Paisagens do Semiárido: Afogados da Ingazeira/PE

Por Edmundo Monte

O município de Afogados da Ingazeira/PE, situado na Microrregião do Sertão do Pajeú, carrega consigo diversas memórias e histórias envolvendo as águas do rio Pajeú e os espaços de sociabilidades ao longo do seu percurso intermitente, que – conforme perpetuado na música de Luiz Gonzaga e Zé Dantas – “vai despejar no São Francisco”.

Aliás, tal menção já se fazia presente na Corografia Brazilica de Manuel Ayres de Casal: “O rio Pajeú, que sai da serra dos Cariris, e desagua no de S. Francisco [só é perene] enquanto duram as trovoadas”.

O pesquisador Manoel da Costa Honorato, em 1863, complementou a descrição: “Nasce no declive meridional da serra da Borborema, no lugar denominado Serra do Teixeira, onde separa a província de Pernambuco da Paraíba. Corre de leste a oeste até a freguesia de Serra Talhada […] e despeja no São Francisco, no lugar chamado Tucurubá, 21 léguas acima da cachoeira de Paulo Afonso.”

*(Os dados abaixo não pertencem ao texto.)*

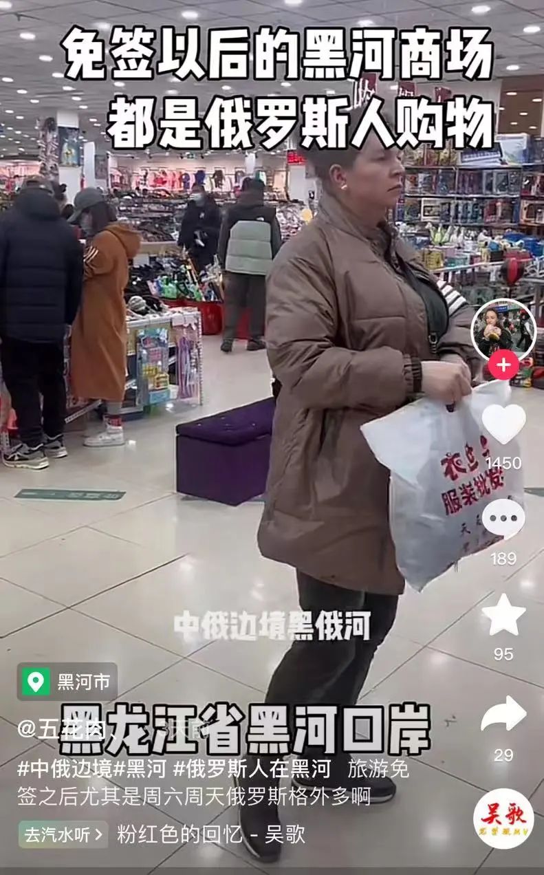 在黑河的服裝批發城,你經常能看到手拿塑料袋的俄羅斯大姐們,壹看就是收獲頗豐的那種。

Motivado por um bate-papo com a afogadense dona Rosa César, que gentilmente compartilhou algumas fotos de acervos familiares retratando Afogados da Ingazeira/PE entre as décadas de 1960 e 1970, decidi percorrer lugares peculiares da cidade em dezembro/2016 e fotografá-los com uma câmera comum de celular. Meu foco foram as águas (e sua escassez) nas paisagens semiáridas.

Prainha do Pajeú. Acima, uma foto da década de 1960. Nas outras duas, o mesmo lugar seco e bastante poluído, no centro da cidade.

Praia do Pajeú em momentos distintos. (Fotos: Acervos familiares)

BARRAGEM DE BROTAS

Pedra fundamental da Barragem de Brotas na década de 1970, e em dezembro de 2016. (Foto: Acervo familiar)

Crianças se refrescam no açude de Brotas, enquanto jovens e adultos pescam de tarrafa. Segundo dona Rosa, a foto representa o atual local onde a “barragem sangra”. (Foto: Acervo familiar)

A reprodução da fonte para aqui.